Julia: make numeric literal juxtaposition less brittle

Created on 1 Apr 2016 · 15Comments · Source: JuliaLang/julia

The most obvious two changes would be:

disallow 0 as a juxtaposed numeric literal coefficient: 0n would be a syntax error.
disallow juxtaposition of floating-point numeric literals with trailing .: 1.x would be a syntax error.

There may be others but these two strike me as clearly a good idea. One nice thing about disallowing 0 as a juxtaposed numeric literal coefficient is that it opens up as many 0x1234 syntaxes as one might ever want, so it kind of future-proofs us for that. Another nice thing is that instead of getting a surprise when they try 0x after 0y just working, people will get a warning as soon as they try 0y and they can immediately learn that 0 doesn't work as a juxtaposed numeric literal coefficient.

breaking parser speculative

Source

StefanKarpinski

👍4

Most helpful comment

This is a pretty simple change and we would benefit from doing it sooner rather than later.

StefanKarpinski on 9 May 2016

👍3

All 15 comments

See also #5246, #11529, #10920, ... for related problems with literals and operators etc.

stevengj on 1 Apr 2016

👍1

I think I would generally be in favor of deprecating float literals with trailing . but that's another matter.

StefanKarpinski on 1 Apr 2016

👎1

This is a pretty simple change and we would benefit from doing it sooner rather than later.

StefanKarpinski on 9 May 2016

👍3

Bump – @JeffBezanson, could you do this?

StefanKarpinski on 12 May 2016

Number parsing changes are never simple :)

Working on this.
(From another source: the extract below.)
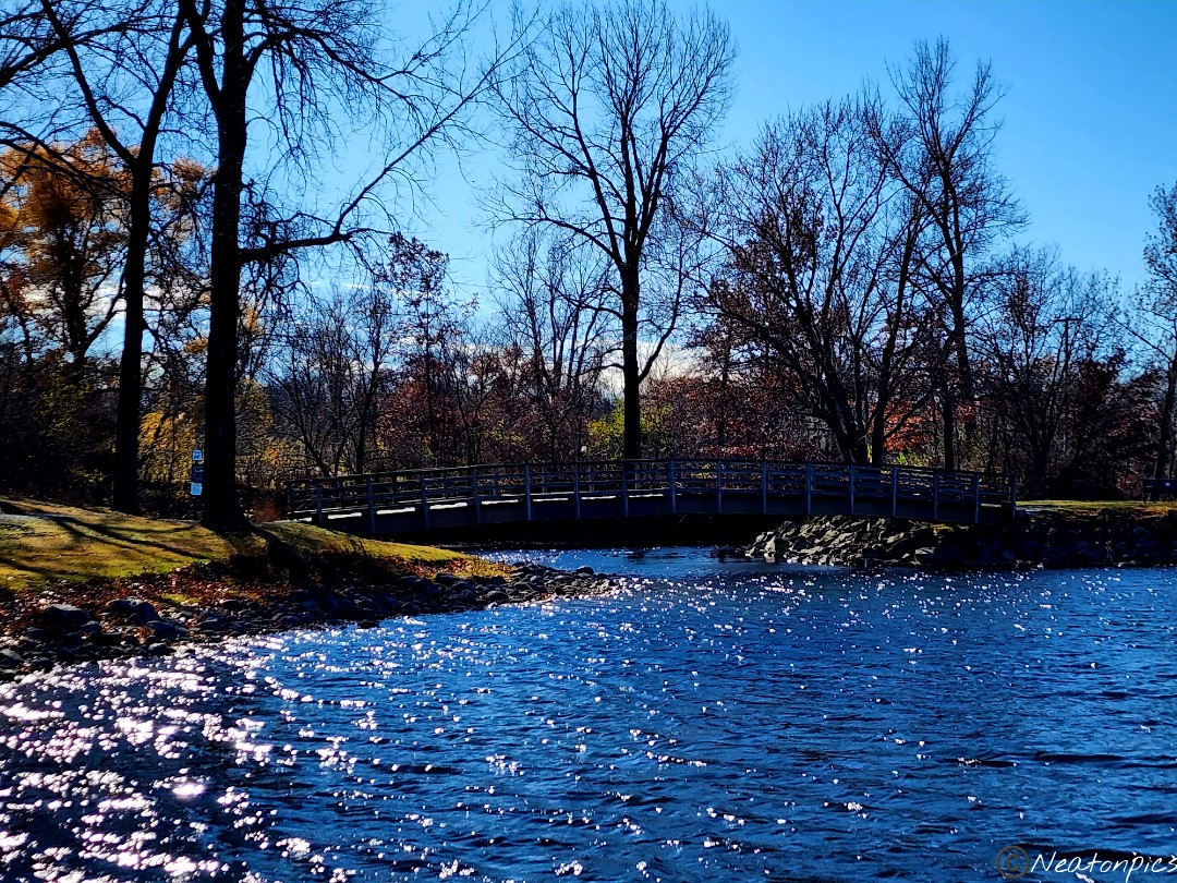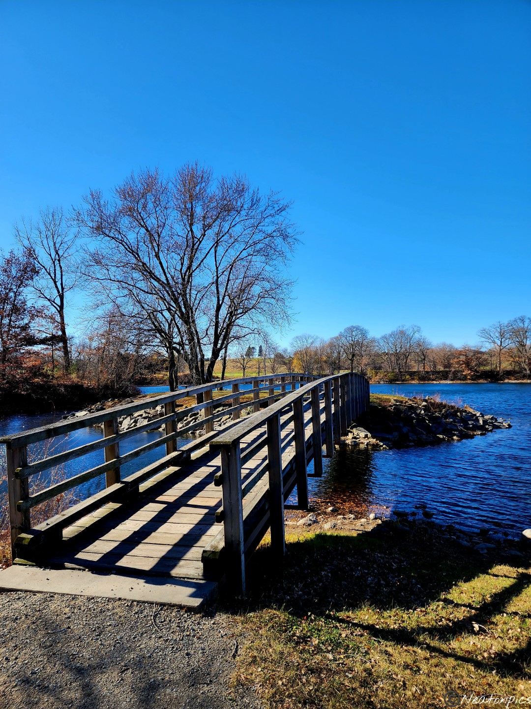 The bridge brought us to a small island. Ducks were swimming all around us and the geese could be heard gossiping with each other in the distance.

First interesting issue I hit is 0im, which seems useful to allow.

JeffBezanson on 12 May 2016

Ah, that's an interesting one.

StefanKarpinski on 13 May 2016

Maybe a better option to disallowing 0n is to require 0x1234 syntaxes to use upper case letters. Then we could also support many 0x style syntaxes via r"0[a-z][A-Z0-9]+". This would mean that 0xa is 0*xa, 0xA is 0x0A, and 0im would still work.

omus on 13 May 2016

How about allowing 0x to mean 0*x and disallowing 0 juxtaposed with any starting with a single non-digit followed by a digit (and anything after that). That way 0x and 0im are allowed, and 0x1 would be a hex value while 0y1 would be illegal. It's slightly more brittle than I would like, but at least the rule doesn't care about a specific list of leading characters.

StefanKarpinski on 13 May 2016

@omus: Unfortunately, using the lowercase form is by far more common and also looks better.
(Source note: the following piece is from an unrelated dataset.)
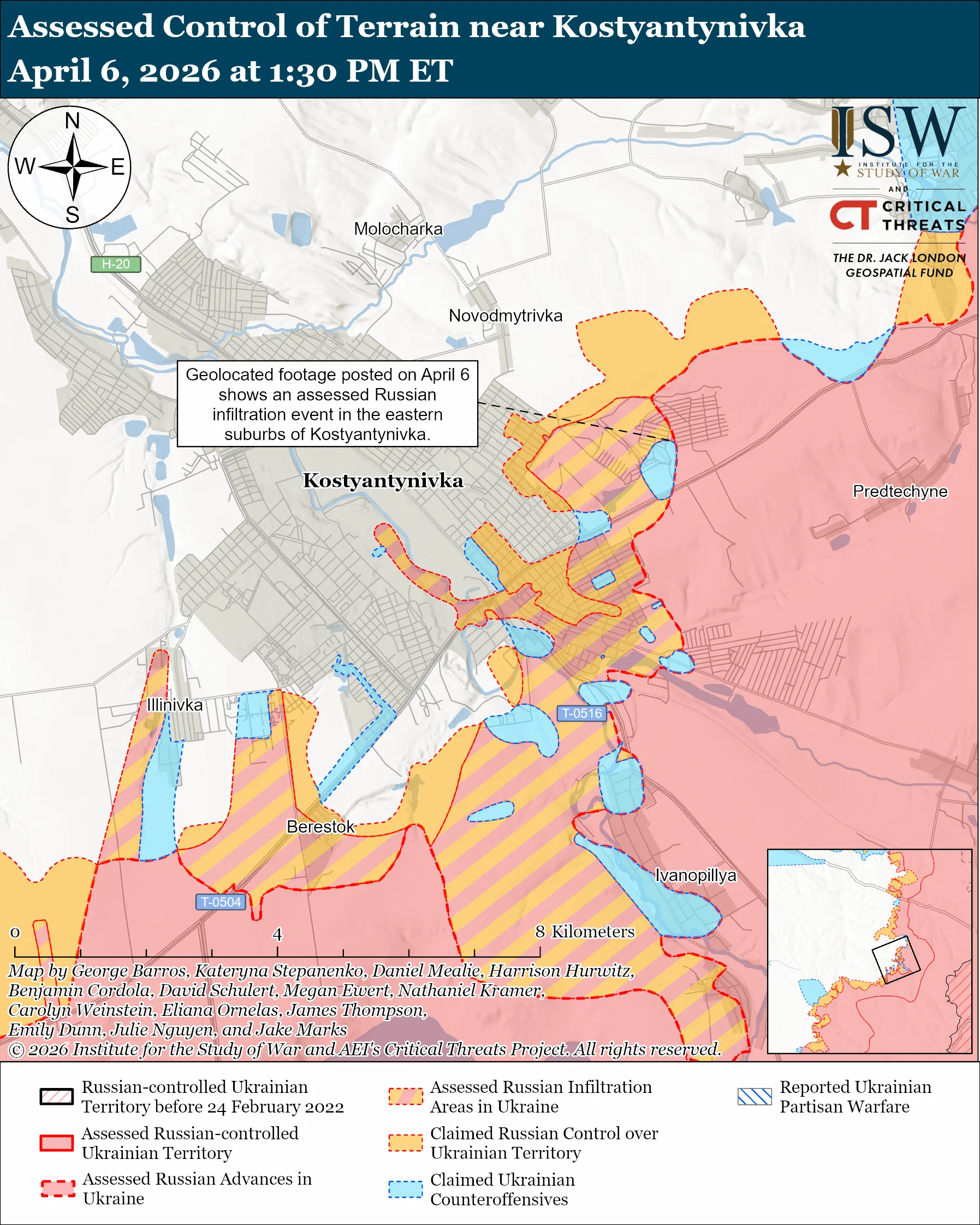 Карта боевых действий в Украине по состоянию на 7 апреля 2026

StefanKarpinski on 13 May 2016

@StefanKarpinski I agree that forcing uppercase letters looks worse.

I like your suggestion but unfortunately the non-digit following a digit heuristic means that 0x1234 is a hexidecimal while 0xabcd would not be.
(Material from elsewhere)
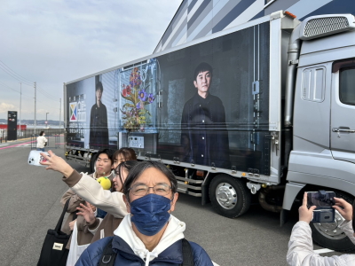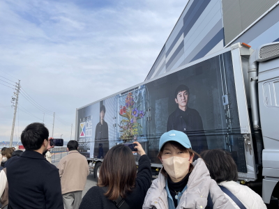 14時頃セントレアに到着。開場1時間30分前にもかかわらず、駅から会場へ向かう人の流れができていて、流れに沿って開場へ向かう。物販コーナーは入ることができたが、沢山の人だかりでどこで購入できるかよくわからず。天気も良かったのでブロック別の整列場所で早々と待機。「推し」のTシャツやバックなど、おそろいのグッズで揃えた人たちがたくさんいて、これはまるでマラソン大会のスタート前のような雰囲気だった。

Could we not just try to parse r"0x\S+" as a hexidecimal and allow for 0x as 0*x? Where I see this breaking down is if we decide to make 0i a special prefix then 0im would be parsed as a special value.

omus on 13 May 2016

I like your suggestion but unfortunately the non-digit following a digit heuristic means that 0x1234 is a hexidecimal while 0xabcd would not be.

smacks forehead

StefanKarpinski on 14 May 2016

Honestly, disallowing float literals with a trailing . seems like a more pressing issue. (Disallowing it in Julia source code, that is; functions to parse CSV files etcetera should continue to allow trailing ..)

stevengj on 15 May 2016

👎1

I agree. Shall we merge #16339?

JeffBezanson on 18 May 2016

👍2

Was #16339 the biggest part of this that we wanted to do prior to 0.5? For the rest should we remove the milestone?